## Task requirements
The answer must be an exact copy of the lines from the one containing "中国共产党问责条例(2019" through the last line of the records, with the pictures left out.
----
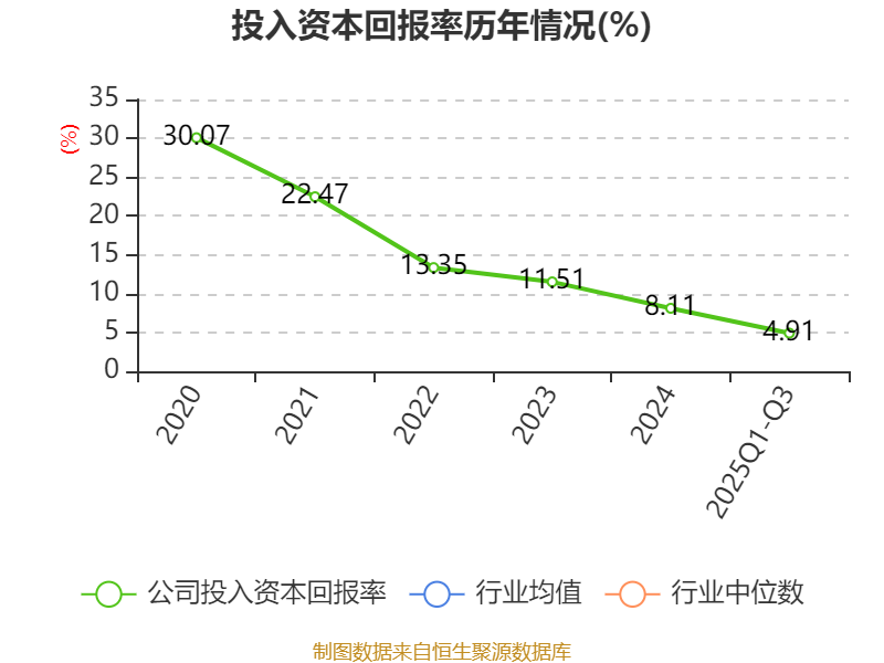 盈利能力方面, 2025年前三季度公司加权平均净资产收益率为5.45%,同比下降1.76个百分点。公司2025年前三季度投入资本回报率为4.91%,较上年同期下降1.56个百分点。
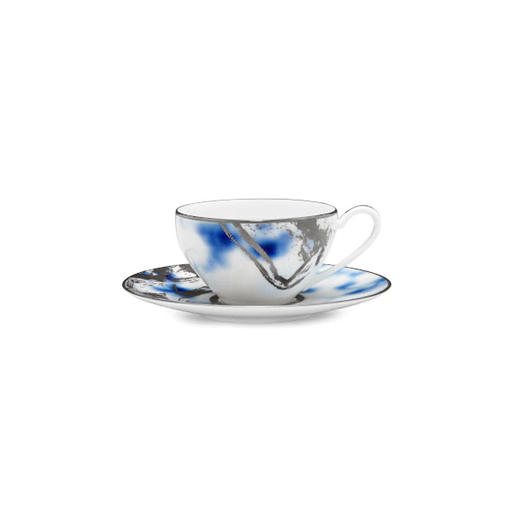 Jubilant Days Gold is an abstract celebration, featuring a base of random swatches of cobalt blue, and splashes of shimmering gold.
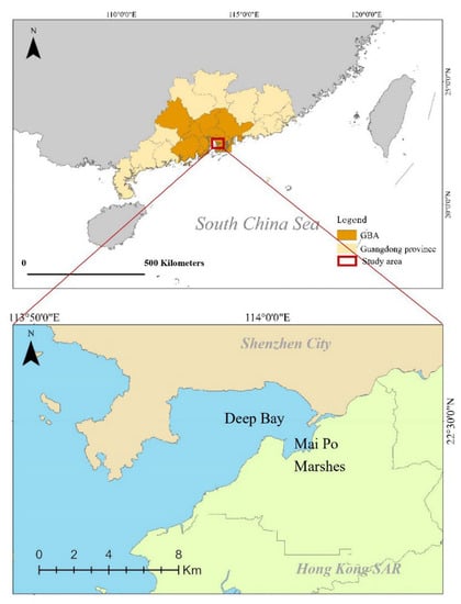 The Guangdong-Hong Kong-Macau Greater Bay Area (GBA), located in southern China, is the world’s largest megalopolis with a 70 million population (Figure 1). This megalopolis contains nine cities and two special administrative regions: Guangzhou, Shenzhen, Foshan, Zhuhai, Huizhou, Dongguan, Zhongshan, Zhaoqing, Jiangmen (cities of Guangdong Province), Hong Kong and Macao (Special Administrative Regions of China). Under the Chinese national development strategy, this megacity region has experienced rapid development during the last four decades. The large increase in spatial connection of human movements, traffic flow, and transport network greatly contributed to the degree of regional integration in the GBA [12]. The development of Shenzhen city (13 million) and Hong Kong Special Administrative Region (7.5 million) as two main core cities in GBA is a microcosm illustrating the interplay between urbanization and coastal wetlands in the tropics.
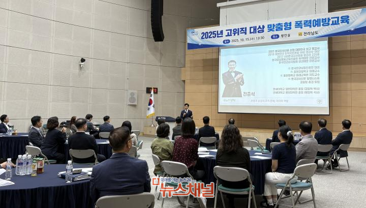 On October 15, Jeonnam Province held a customized training session on the four major types of violence—sexual harassment, prostitution, sexual violence, and domestic violence—for senior officials, including Deputy Governor Kang Wi-yeon and heads of departments, at the Wangin Room of the provincial office.
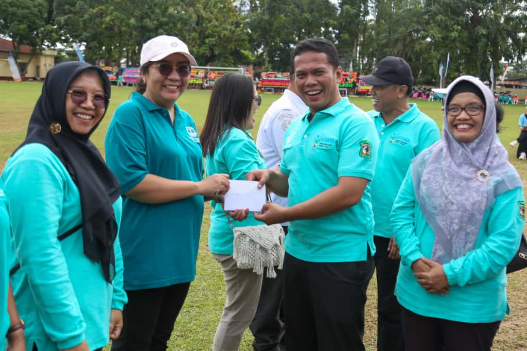 Menyerahkan Hadiah: Sekda Pematangsiantar, Junaedi A Sitanggang didampingi Kadis Kesehatan, drg Irma Suryani menyerahkan hadiah, Rabu (12/11/2025).(Foto : Tn)
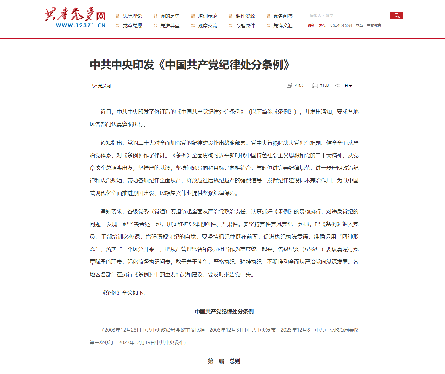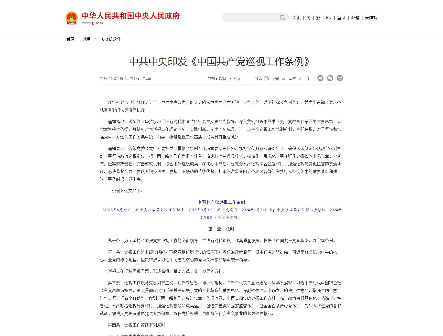 中国共产党问责条例(2019年修订,自2019年9月1日起施行) 第一条为了坚持党的领导,加强党的建设,全面从严治党,保证党的路线方针政策和党中央重大决策部署贯彻落实,规范和强化党的问责工作,根据《中国共产党章程》,制定本条例。第二条党的问责工作坚持以马克思列宁主义、毛泽东思想、邓小平理论、“三个代表”重要思想、科学发展观、习近平新时代中国特色社会主义思想为指导,...
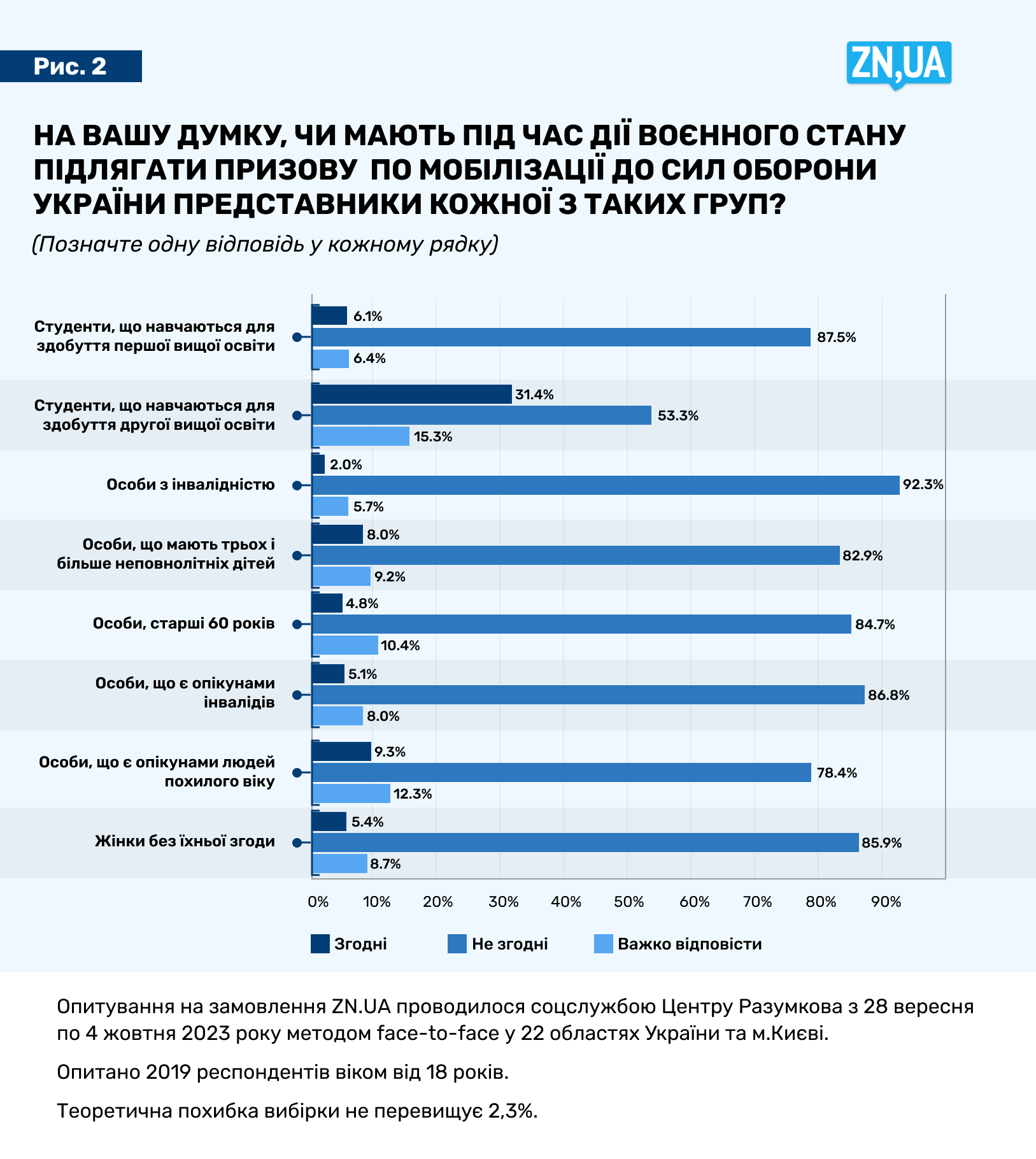 Опитування на замовлення ZN.UA проводилося соцслужбою Центру Разумкова з 28 вересня по 4 жовтня 2023 року методом face-to-face у 22 областях України та м.Києві. Опитано 2019 респондентів віком від 18 років. Теоретична похибка вибірки вбирається у 2,3%.
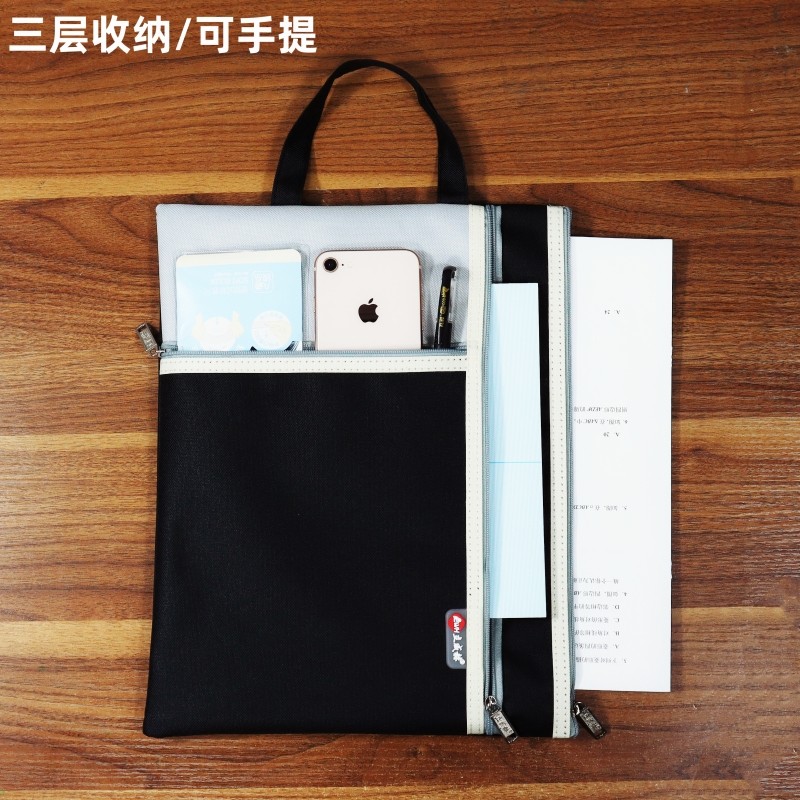 得力文件袋学科袋科目分类袋拉链袋大容量学生双层资料书本学生课本手提拎网纱分科书袋a4试卷收纳袋
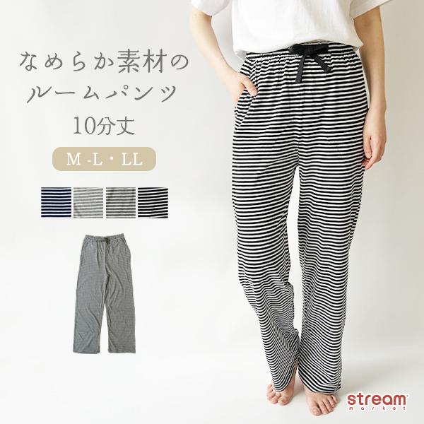 ルームウェア パンツ レディース 夏 春 パジャマ 部屋着 ルームパンツ 10分丈 ロング ボーダー 長ズボン ストレート M L LL ゆうパケット送料無料
----
## Result
 中国共产党问责条例(2019年修订,自2019年9月1日起施行) 第一条为了坚持党的领导,加强党的建设,全面从严治党,保证党的路线方针政策和党中央重大决策部署贯彻落实,规范和强化党的问责工作,根据《中国共产党章程》,制定本条例。第二条党的问责工作坚持以马克思列宁主义、毛泽东思想、邓小平理论、“三个代表”重要思想、科学发展观、习近平新时代中国特色社会主义思想为指导,...
 Опитування на замовлення ZN.UA проводилося соцслужбою Центру Разумкова з 28 вересня по 4 жовтня 2023 року методом face-to-face у 22 областях України та м.Києві. Опитано 2019 респондентів віком від 18 років. Теоретична похибка вибірки вбирається у 2,3%.
 得力文件袋学科袋科目分类袋拉链袋大容量学生双层资料书本学生课本手提拎网纱分科书袋a4试卷收纳袋
 ルームウェア パンツ レディース 夏 春 パジャマ 部屋着 ルームパンツ 10分丈 ロング ボーダー 長ズボン ストレート M L LL ゆうパケット送料無料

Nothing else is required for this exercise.